* **EXERCISE OBJECTIVE**
Only the lines from the one containing "在年輕消費(fèi)者的選擇" through the end of the entries are wanted, retyped exactly and without pictures.

* **SUPPLIED INFORMATION**
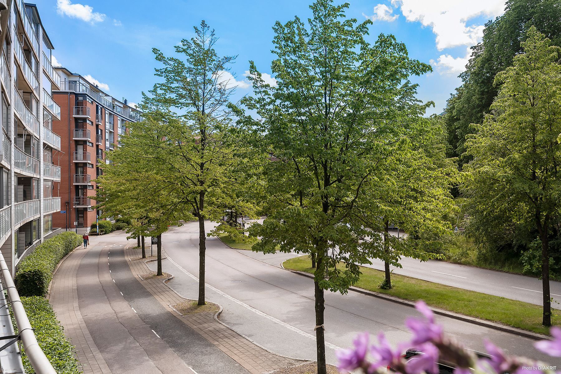 Denna välplanerade och rymliga tvåa bjuder på ett ljust kök med generösa fönsterpartier i sydväst som sträcker sig hela vägen upp till tak och fyller rummet med ljus. Härifrån når du både den inglasade balkongen, som kan nyttjas stora delar av året, samt den öppna balkongdelen – båda med härlig eftermiddags- och kvällssol. Här ute finns även ett praktiskt extra förråd.
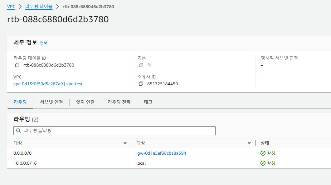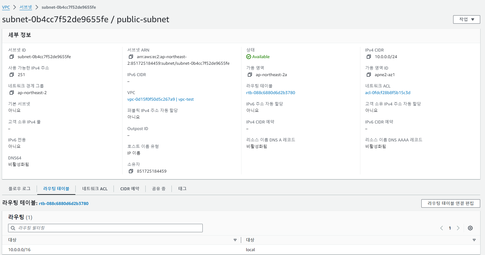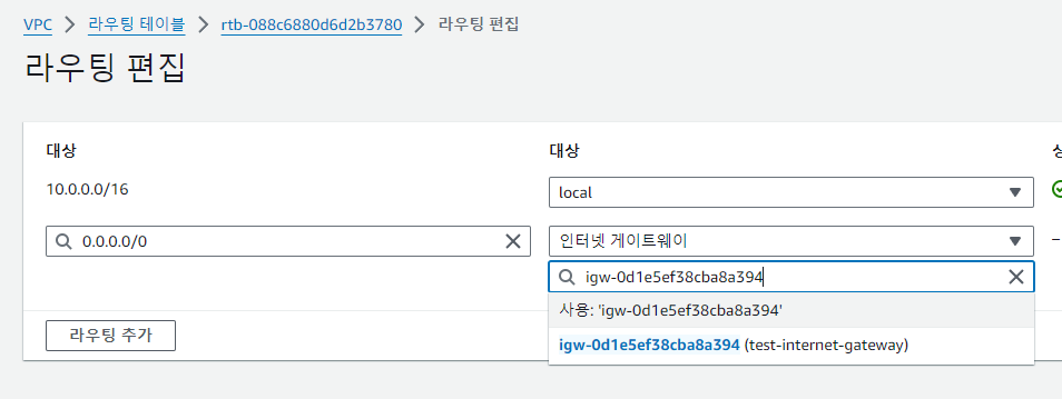 Public 서브넷의 라우팅 편집 - 모든 트래픽 (0.0.0.0/0)이 인터넷 게이트웨이로 가도록
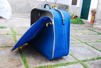 valigia in tela blu della DELSEY dotata di manico estraibile e rotelle posteriori, molto capiente dimensioni 70 x 58 h.20
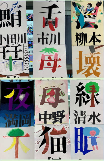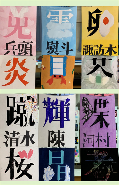 2年生は、漢字一文字をその漢字の意味にふさわしい形に変形して表現しました。
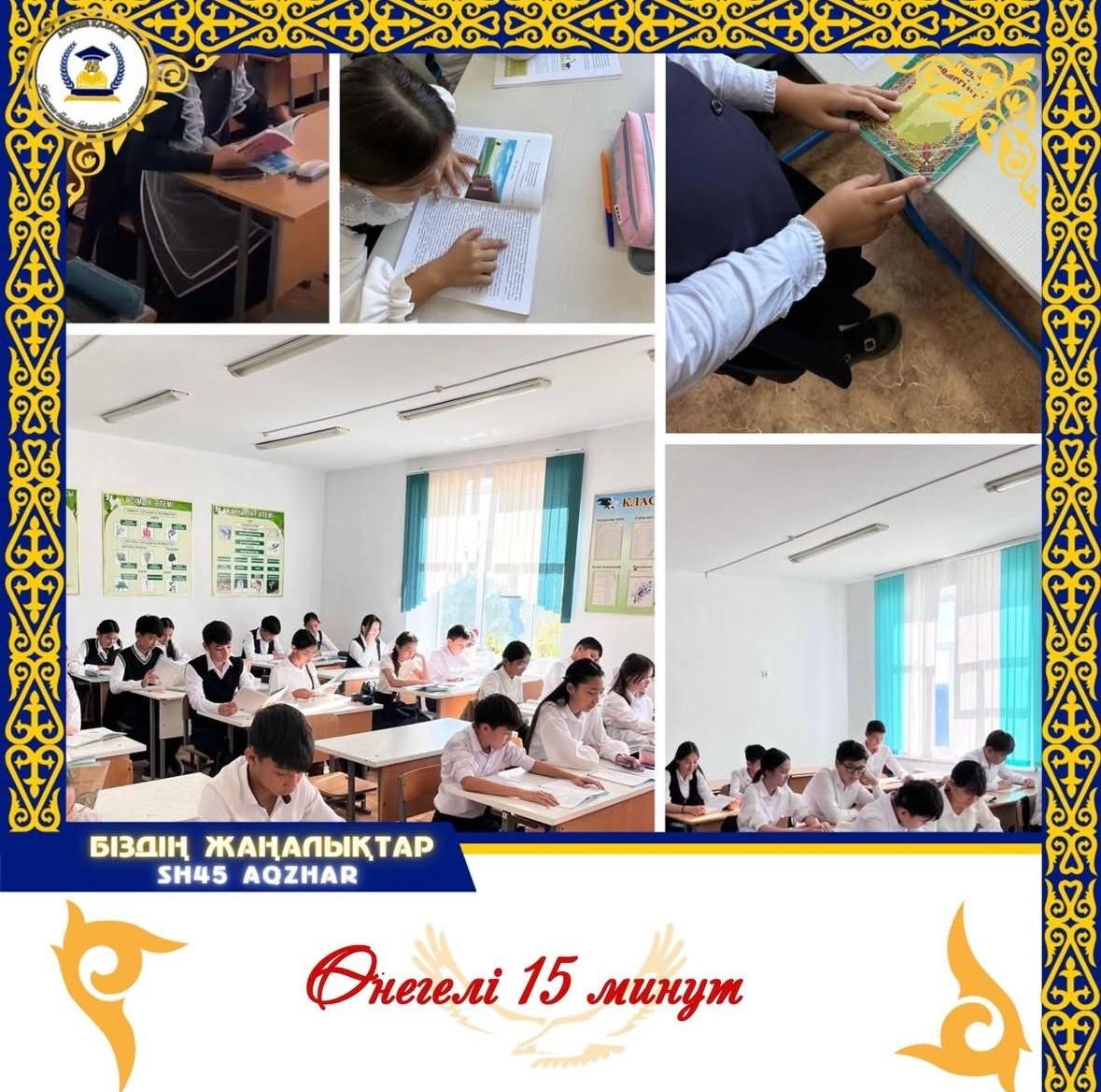 «Оқуға құштар мектеп» және «Балалар кітапханасы» және «Өнегелі 15минут» аясында қоңырау уақытын тиімді қйымдастыру мақсатында «Білім сарқылмас қазына, кітап ақылдың кілті» Барлығымыз бірге оыймызды оятып, қиялымызды тербететін 15 минуттық кітап оқу уақытына шақырамыз.
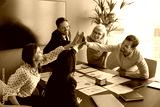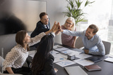 Team giving high five at corporate meeting event in boardroom. Group of colleagues celebrating joint success and professional achievement. Gesture symbolizing teamwork, collaboration, shared victory
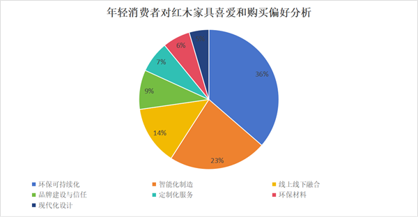 在年輕消費(fèi)者的選擇傾向中,環(huán)??沙掷m(xù)化占據(jù)了最高比例,高達(dá)40%,正如古人所言“天人合一,道法自然”,他們深刻認(rèn)識(shí)到人與自然和諧共生的重要性,傾向于選購(gòu)那些采用環(huán)保工藝、經(jīng)久耐用的紅木家具。
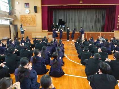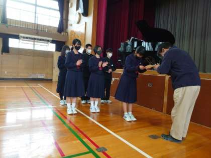 先週金曜日に開催された1年百人一首大会。今朝の学年集会でカルタの枚数を多く獲った仲間の表彰式が行われました。先生から1人ずつ賞状が手渡されます。みんなの暖かい拍手が良いですね。
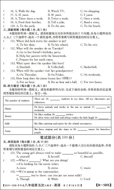 2019-2020山西晉中人教版八年級下英語第五次聯考試題(圖片版)(2)
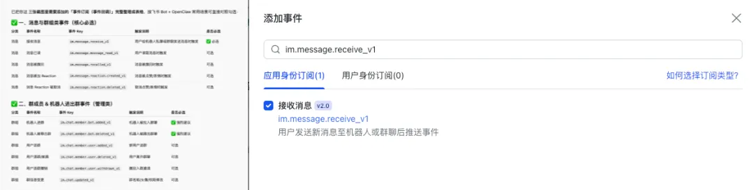 消息接收:im:message.p2p_msg:readonly (私聊), im:message.group_at_msg:readonly (群聊)
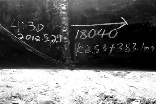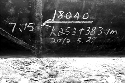 通過查找管道缺陷點(diǎn)附近的三道環(huán)焊縫與螺旋焊縫相交位置,都符合內(nèi)檢測報告給定的數(shù)值。但是相應(yīng)的管體表面卻沒有腐蝕缺陷點(diǎn)。為了確認(rèn)腐蝕缺陷位置,現(xiàn)場從電腦中選取其它定位參考點(diǎn), 該管段原有套管且套管與輸油管道外壁存在支撐點(diǎn)(圖13),選取一個支撐點(diǎn),再次對腐蝕缺陷點(diǎn)進(jìn)行定位。且與原來內(nèi)檢測報告給定的數(shù)值相吻合。
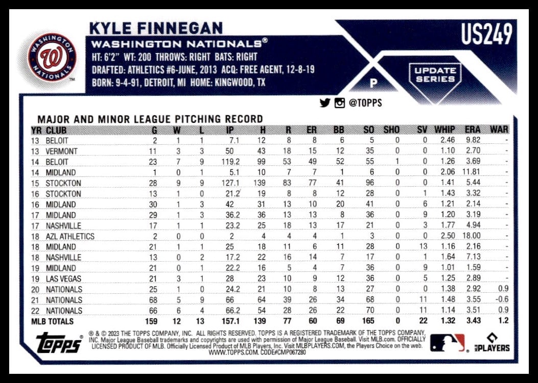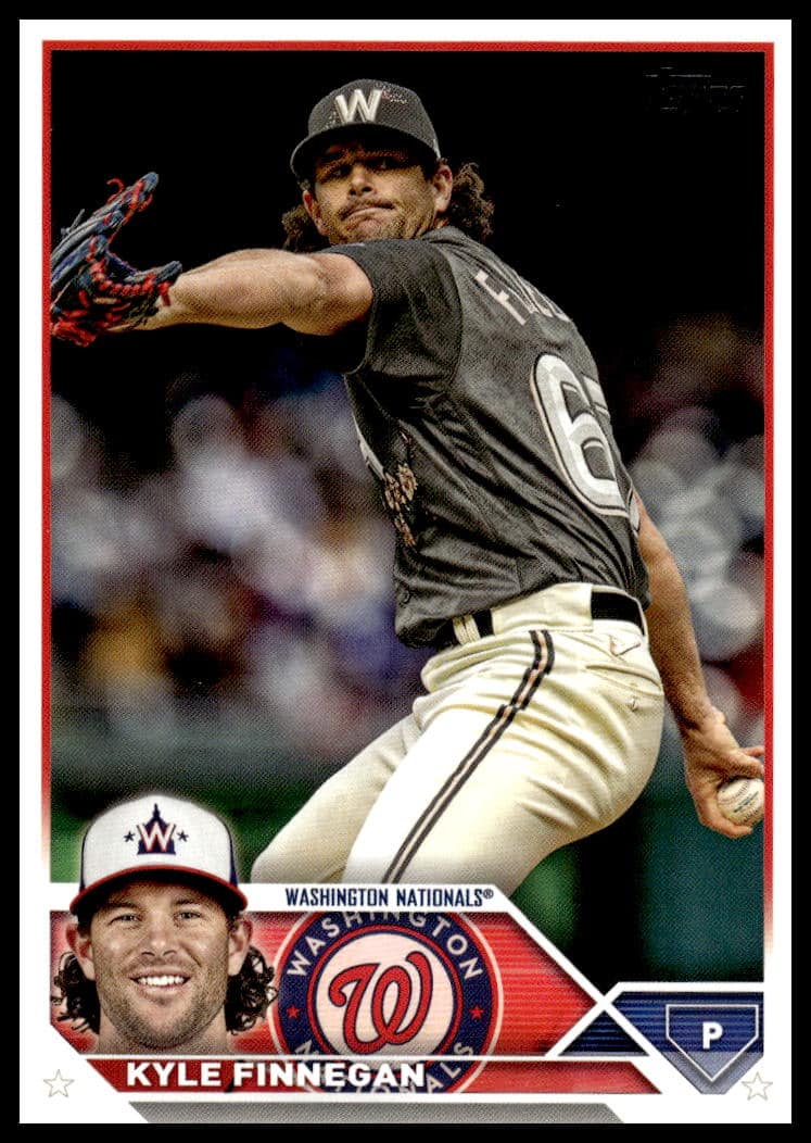 This Baseball card, from 2023 is part of the Topps Update card set. Kyle Finnegan is featured and has a card number of US249.
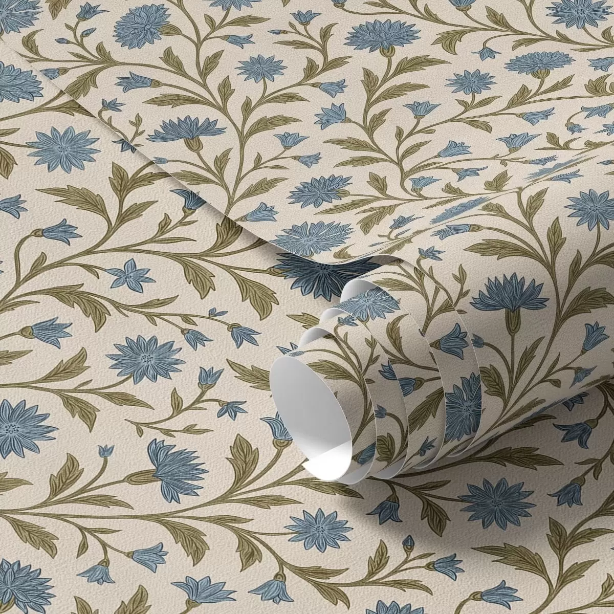 Papel tapiz Acianos y brotes sobre fondo beige Nr. a00588
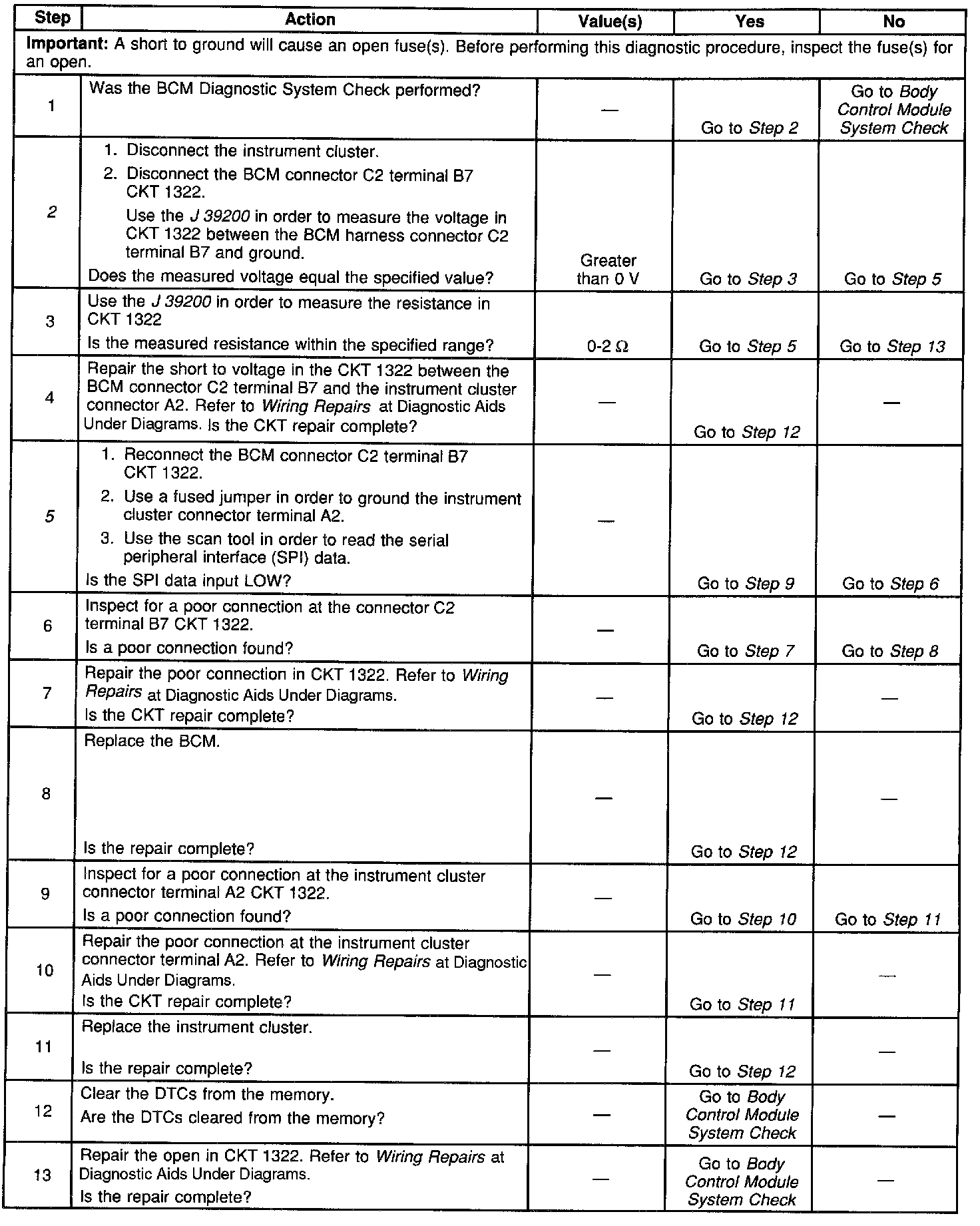 2. This step determines if there is a short to the battery in CKT 1322 between the body control module (BCM) and the instrument cluster.

* **TASK SOLUTION**
 在年輕消費(fèi)者的選擇傾向中,環(huán)??沙掷m(xù)化占據(jù)了最高比例,高達(dá)40%,正如古人所言“天人合一,道法自然”,他們深刻認(rèn)識(shí)到人與自然和諧共生的重要性,傾向于選購(gòu)那些采用環(huán)保工藝、經(jīng)久耐用的紅木家具。
 先週金曜日に開催された1年百人一首大会。今朝の学年集会でカルタの枚数を多く獲った仲間の表彰式が行われました。先生から1人ずつ賞状が手渡されます。みんなの暖かい拍手が良いですね。
 2019-2020山西晉中人教版八年級下英語第五次聯考試題(圖片版)(2)
 消息接收:im:message.p2p_msg:readonly (私聊), im:message.group_at_msg:readonly (群聊)
 通過查找管道缺陷點(diǎn)附近的三道環(huán)焊縫與螺旋焊縫相交位置,都符合內(nèi)檢測報告給定的數(shù)值。但是相應(yīng)的管體表面卻沒有腐蝕缺陷點(diǎn)。為了確認(rèn)腐蝕缺陷位置,現(xiàn)場從電腦中選取其它定位參考點(diǎn), 該管段原有套管且套管與輸油管道外壁存在支撐點(diǎn)(圖13),選取一個支撐點(diǎn),再次對腐蝕缺陷點(diǎn)進(jìn)行定位。且與原來內(nèi)檢測報告給定的數(shù)值相吻合。
 This Baseball card, from 2023 is part of the Topps Update card set. Kyle Finnegan is featured and has a card number of US249.
 Papel tapiz Acianos y brotes sobre fondo beige Nr. a00588
 2. This step determines if there is a short to the battery in CKT 1322 between the body control module (BCM) and the instrument cluster.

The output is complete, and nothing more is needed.